◆ YOUR GOAL ◆
Below this line are records; write out exactly the lines from the one containing "このように、お口の状態に合わ" through the one containing "Koyu Gri Mini Denim Şort", with the pictures left out.

═════ DATA EXCERPTS ═════

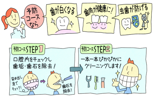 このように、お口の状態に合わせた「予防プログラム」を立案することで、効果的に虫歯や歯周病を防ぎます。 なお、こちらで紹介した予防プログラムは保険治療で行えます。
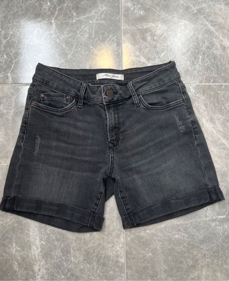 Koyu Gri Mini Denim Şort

═════
═════ DATA EXCERPTS ═════

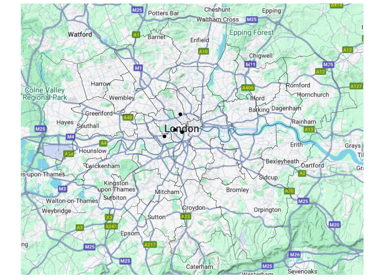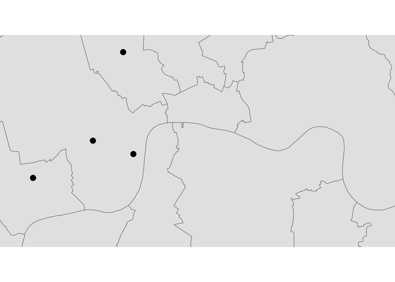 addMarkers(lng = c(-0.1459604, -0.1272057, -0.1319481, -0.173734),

═════

◆ PROBLEM SOLUTION ◆
 このように、お口の状態に合わせた「予防プログラム」を立案することで、効果的に虫歯や歯周病を防ぎます。 なお、こちらで紹介した予防プログラムは保険治療で行えます。
 Koyu Gri Mini Denim Şort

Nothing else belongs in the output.